Bloods gang boss Jamal Smalls was sentenced Tuesday to 55 years in prison for running a narcotics trafficking conspiracy that distributed coke, crack cocaine, and heroin in New York, Virginia, North Carolina, and South Carolina as well as his involvement in several shootings and one murder related to his drug operation.
As a high-ranking member of the notorious Bloods gang, Smalls led a drug trafficking crew that operated in and around the John Adams Houses in the Bronx, New York. His crew sold large quantities of powder cocaine, crack cocaine, and heroin in and around the housing project, as well as in North Carolina, South Carolina, and Virginia.
Not too bad for someone who only got out of prison in 2012 after serving over twelve years for first degree manslaughter.

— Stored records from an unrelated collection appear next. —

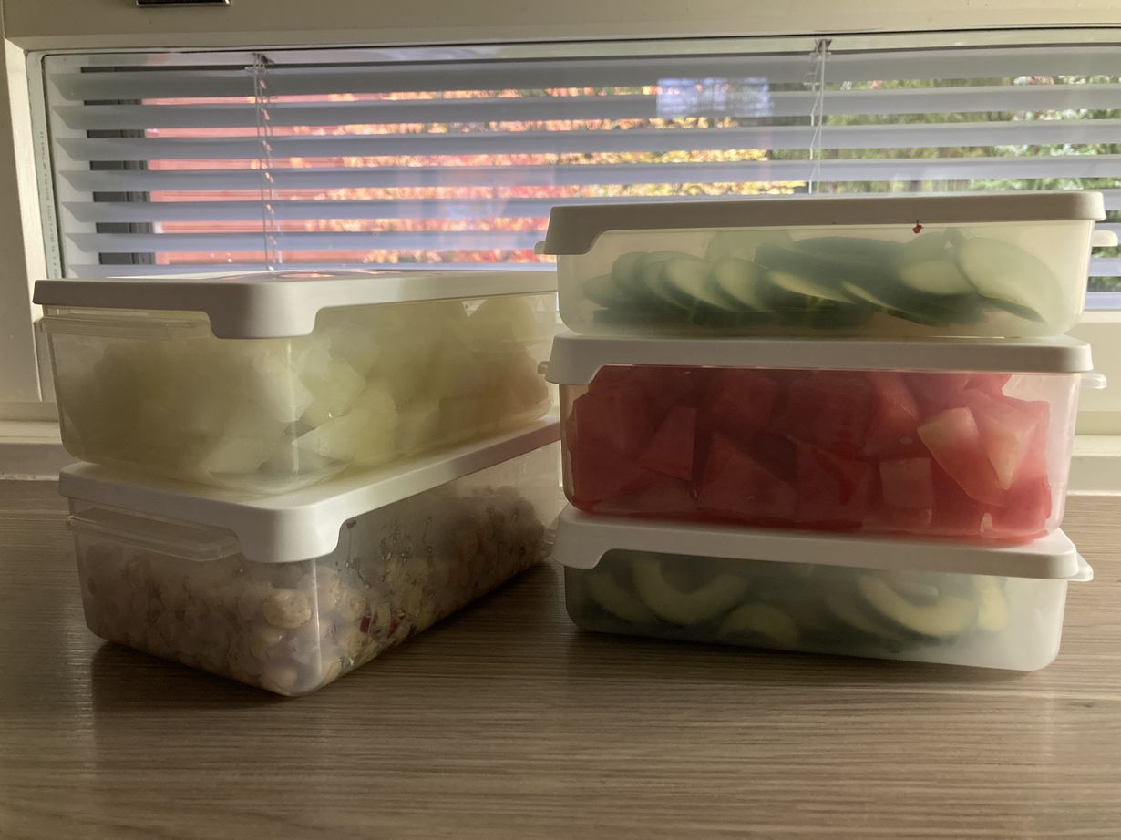 Valmiiksi pilkottuja hedelmiä ja kasviksia jääkaapissa. Helppo ottaa aamupalalle, tehdä lounassalaatti tai napata suuhun muuten vain kun kun tulee himo napostella jotakin.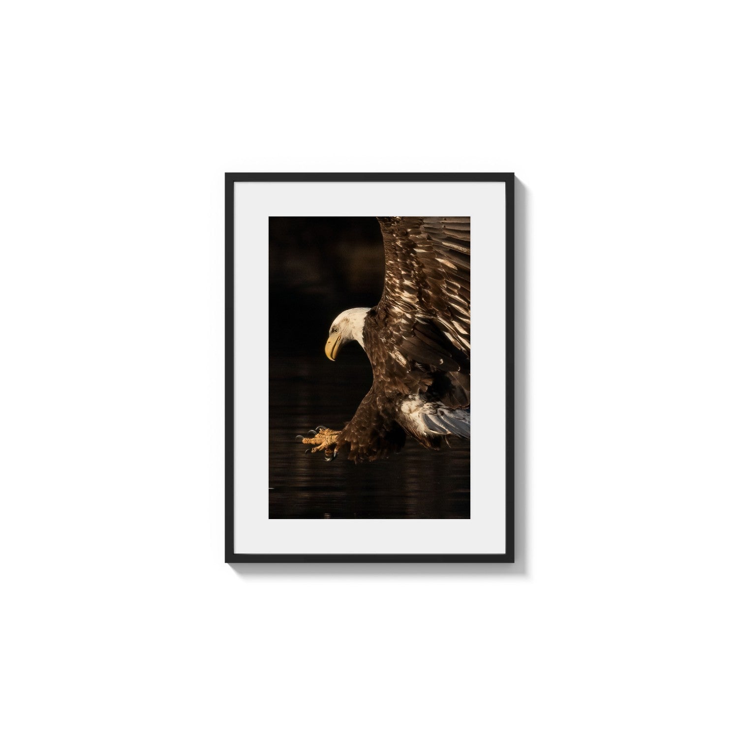 Keywords: Bald eagle, raptor, wildlife photography, bird of prey, low key, high contrast, hunting, dark nature art, dramatic flight, avian.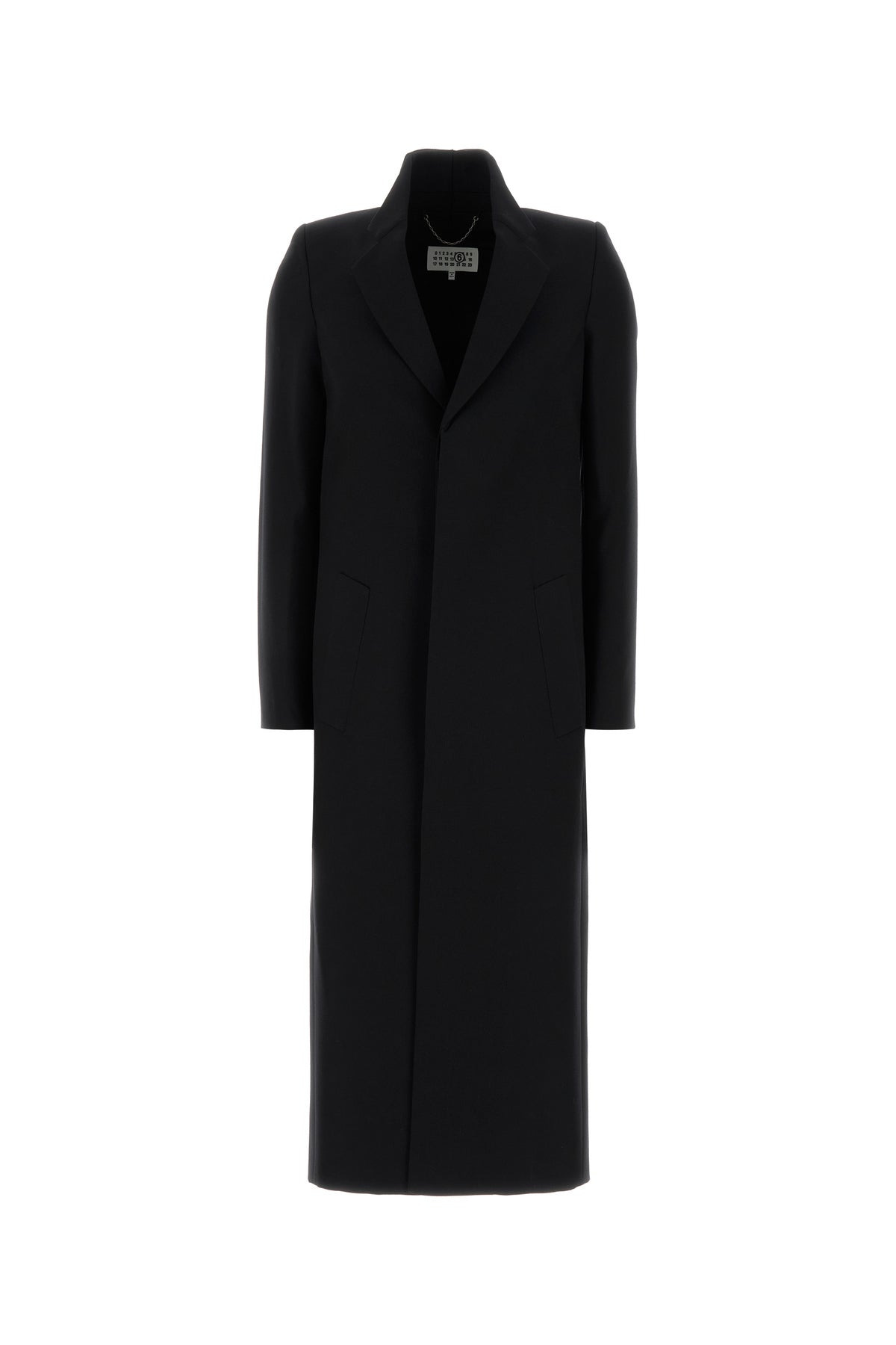 Coat realized in pure virgin wool characterized by iconic contrasting stitching at the back. - Lapels - Concealed buttons closure - Two slit pockets at the front - Lined interior with a slit pocket DETAILS Black wool coat Exterior: 100% Virgin wool Lining: 100% Viscose Made in italy Sample size: 38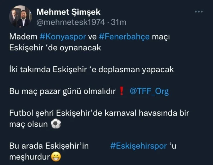 Eskişehirspor Başkanı Mehmet Şimşek, pazartesi günü Fenerbahçe ile Konyaspor arasında oynanacak maç öncesinde, “Madem Konyaspor ve Fenerbahçe maçı Eskişehir’de oynanacak, iki takım da deplasman yapacak. Bu maç pazar günü olmalıdır” diyerek TFF’ye seslendi.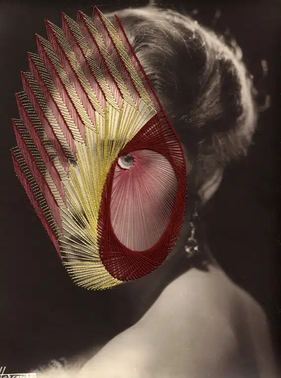 Anzeri’s ‘string art’ technique of overlaying geometric, threaded patterns to recast the photographs into an alien form, reinvents examples of formal, photographic portraiture. The results are often unsettling on the viewer as the images seem to reference futuristic images of cyborgs and androids as well as ancient masking techniques.

Then again, it was behind bars where Smalls – with help from his brother and people working on behalf of the crew – perfected his trade as he sold drugs inside the state prison system. Once he got out, Smalls began to lead the crew with his brother, participating in large-quantity narcotics deals in the Bronx and out-of-state.
Smalls was the kind of leader who took the hands-on approach. Like when he had a beef with rival drug dealer Doneil White. Within seven days, Smalls had tried to shoot him twice. On both occasions White managed to get away unharmed. One bystander wasn’t so lucky though, and was hit in the back.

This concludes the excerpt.